Wird der IS seine Kräfte bald in Europa bündeln um blutig zuzuschlagen??

Seit dem Eingreifen der russischen Armee auf der Seite von Syriens Präsidenten Assad wird die Lage für den IS immer prekärer. Sowohl in Syrien als auch im Irak gerät der IS immer stärker ins Hintertreffen. Eine starke Bastion für den IS ist derzeit noch Libyen, welches nach dem Sturz von Gaddafi in ein Machtvakuum gefallen ist, wovon radikale Islamisten profitiert haben.

Nachdem der Westen das für orientalische Verhältnisse weit entwickelte und reiche Libyen zerbombt hat dürfte ein neuerliches Engagement des Westens in Libyens Bevölkerung kaum auf allzu viel Gegenliebe stossen. Noch viel zu jung sind die Erinnerungen an getötete bzw. verwundete Familienmitglieder und der damit verbundene, meines Erachtens auch verständliche, Hass so manchen Libyers auf den Westen.

Da der überwiegende Teil der Migranten über dieses Land zu uns kommt wird Europas Schicksal in Wahrheit vor allem auch in Libyen entschieden wird. Solange Libyen das Schlepperproblem nicht in den Griff bekommt und ein Aufgriff durch europäische Schiffe automatisch ein Ticket ins gelobte Europa bedeutet wird sich an der Massenmigration nichts ändern, sondern vielmehr wird sich diese weiter beschleunigen und die Lage bei uns wird sich weiter zuspitzen.

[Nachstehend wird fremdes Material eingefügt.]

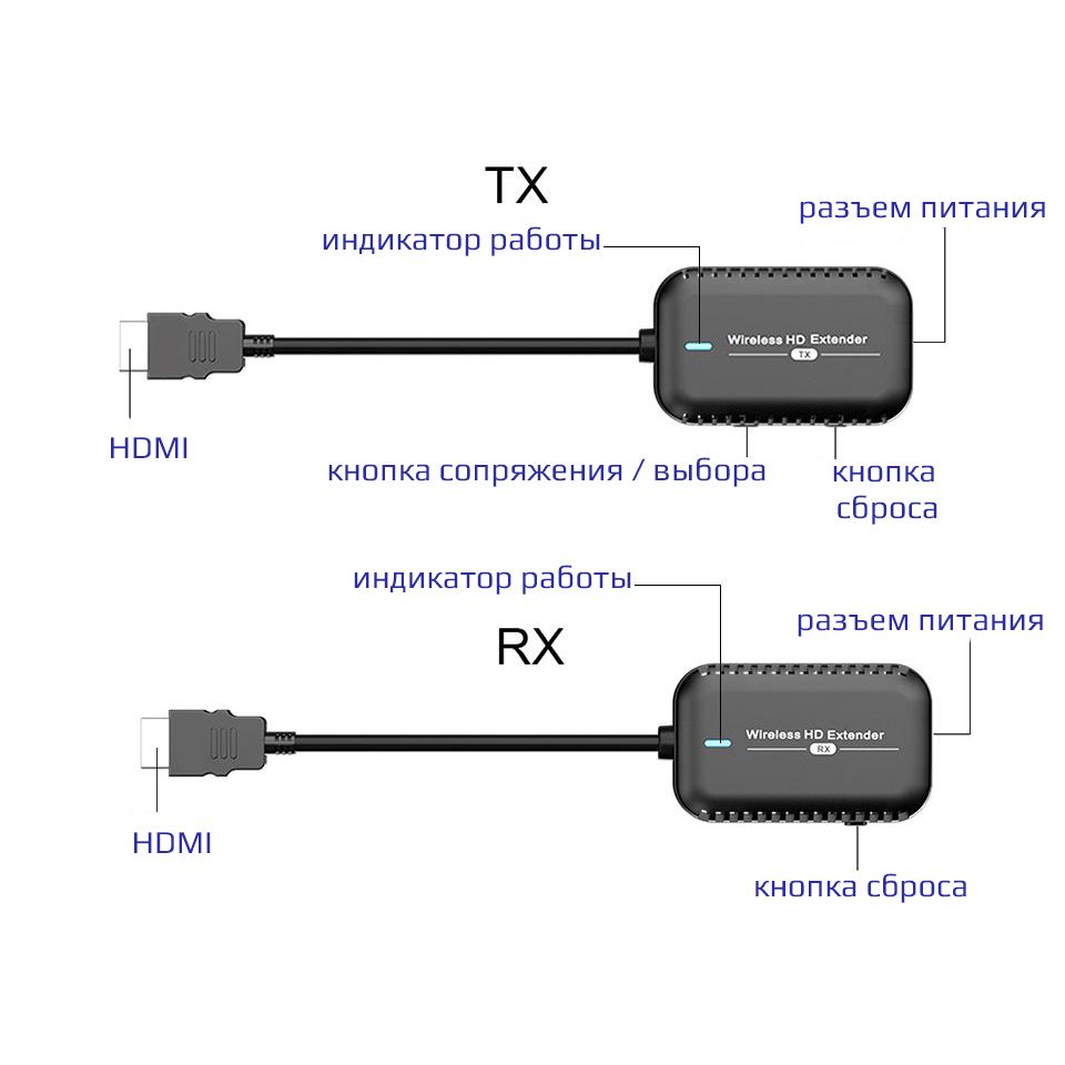 Передатчик (TX) подключается к порту HDMI на ПК, ноутбуке, видеокамере, PS 3/4 и др. устройствам. Приемник (RX) подключается к портам HDMI на HD телевизоре, проекторе, мониторе.
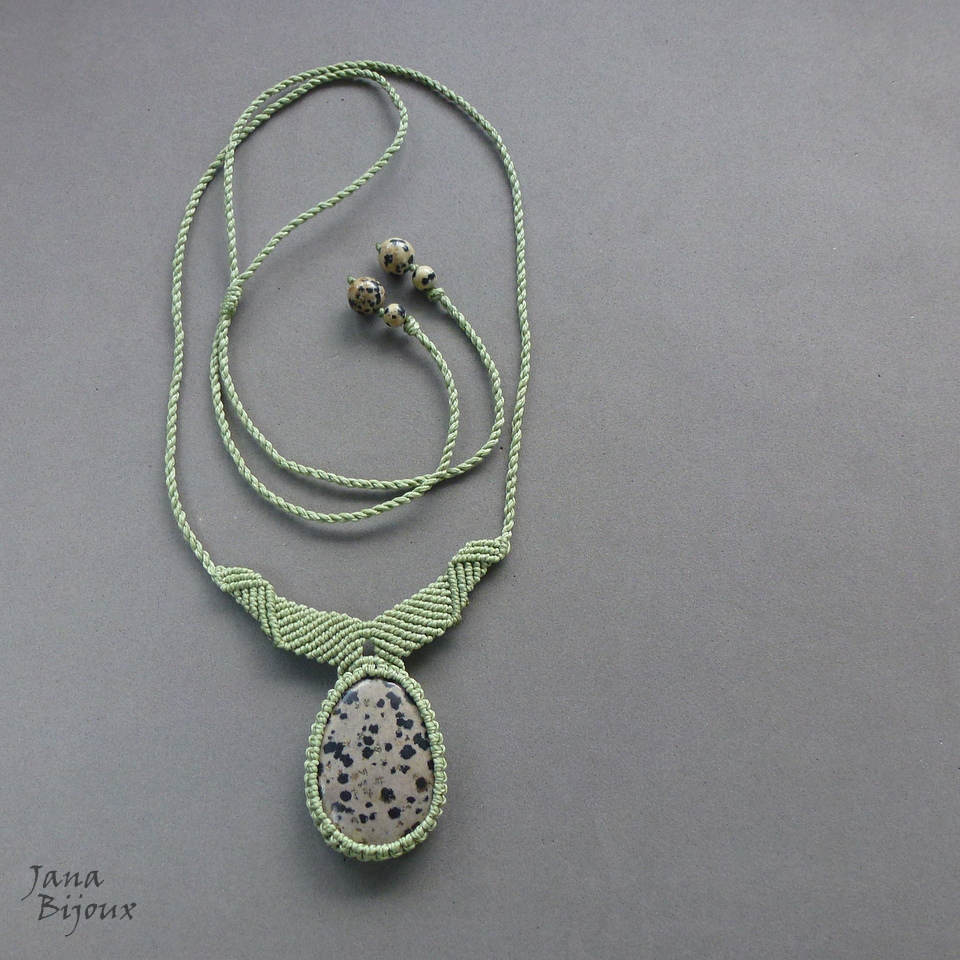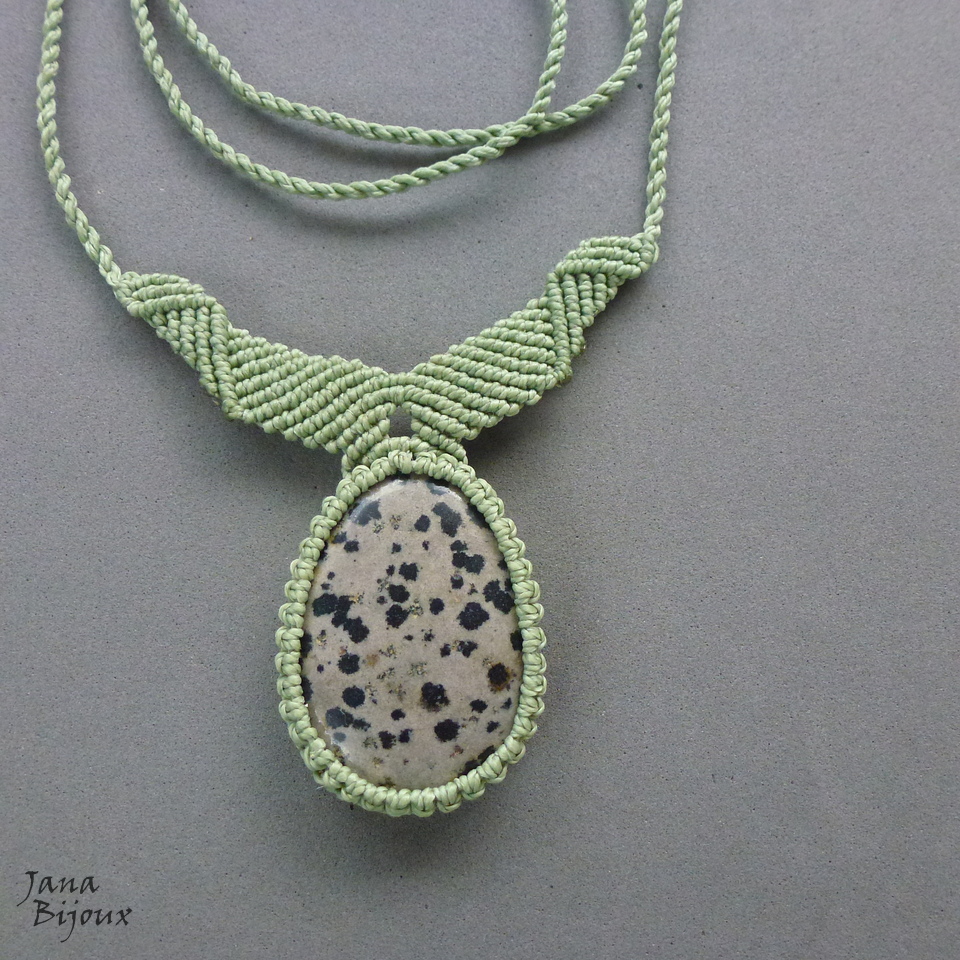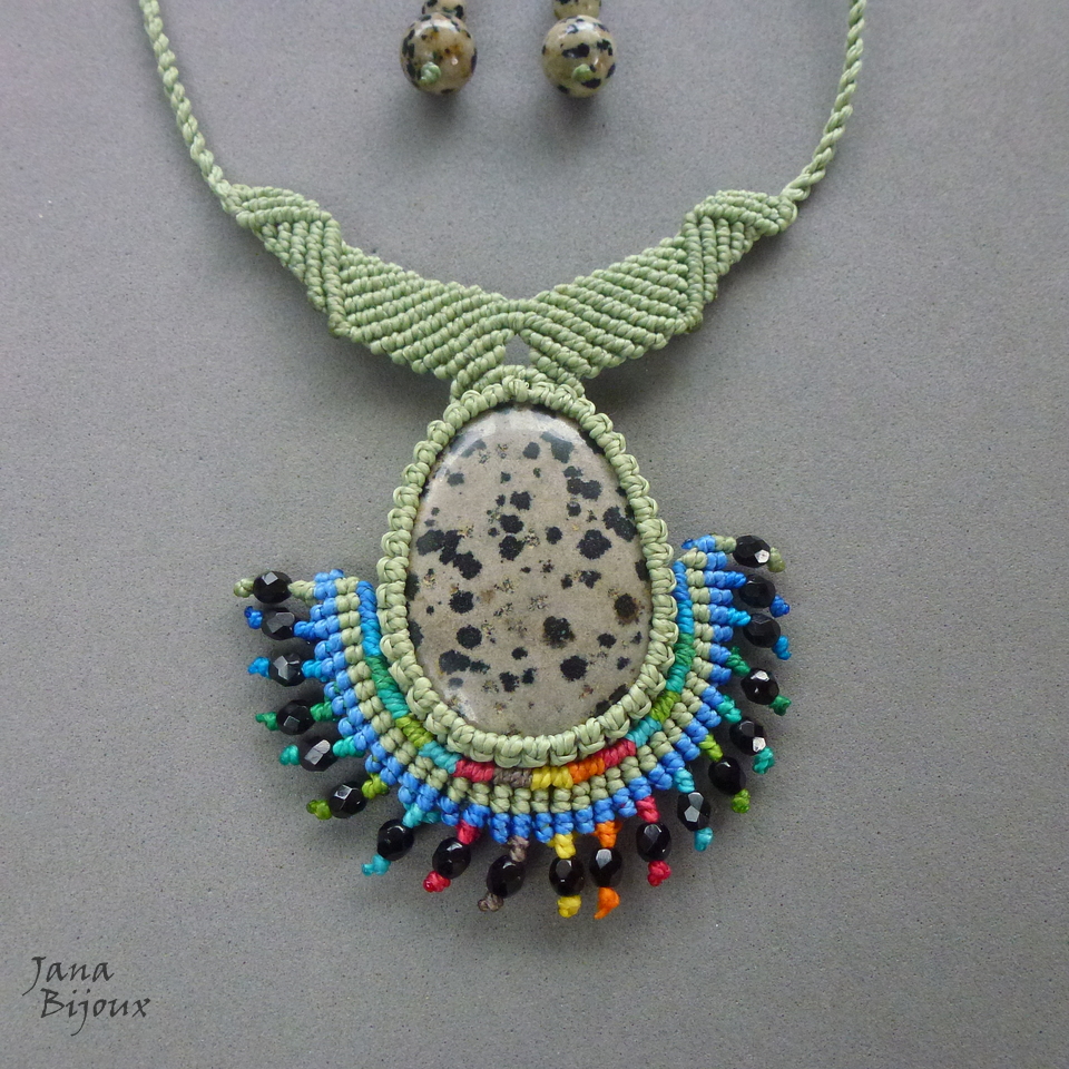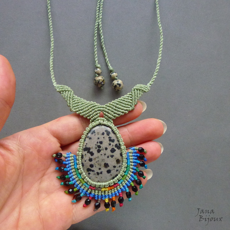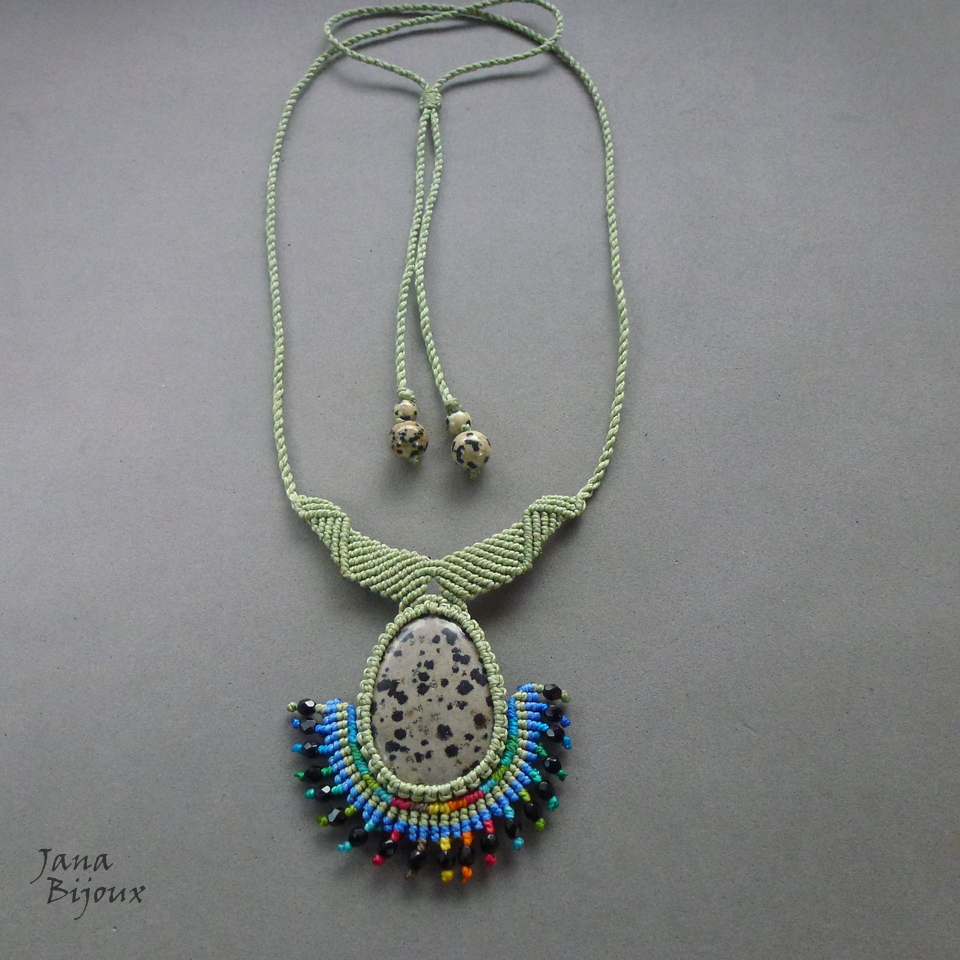 Colar originalmente sem franja, com jaspe dalmata feito de macramé.

Hinzukommt, dass die von der UN unterstützte Einheitsregierung Libyens unter Premier Fayez Serraj in Wahrheit abgemeldet ist und realistisch betrachtet nicht in der Lage ist die Probleme Libyens in den Griff zu bekommen. Der Stratege Putin hat diese Chance erkannt und gehandelt während der Westen anscheinend noch immer berät und träumt.

putin

Von der breiten Öffenlichkeit kaum wahrgenommen hat Russland Spezialtruppen und Drohnen auf der ägyptischen Luftwaffenbasis Sidi Barrani eingeflogen bzw. verstärkt. Das russische Expeditionskorps soll Khalifa Haftar, ein Ex-General Gaddafis der sich zuletzt gegen den libyschen Machthaber gestellt hatte, militärisch beistehen. Khalifa Haftar ist der starke Mann im Osten Libyens und wird von Ägypten und den Vereinigten Arabischen Emiraten unterstützt und stellt quasi die Speerspitze gegen den Islamischen Staat in Libyen dar.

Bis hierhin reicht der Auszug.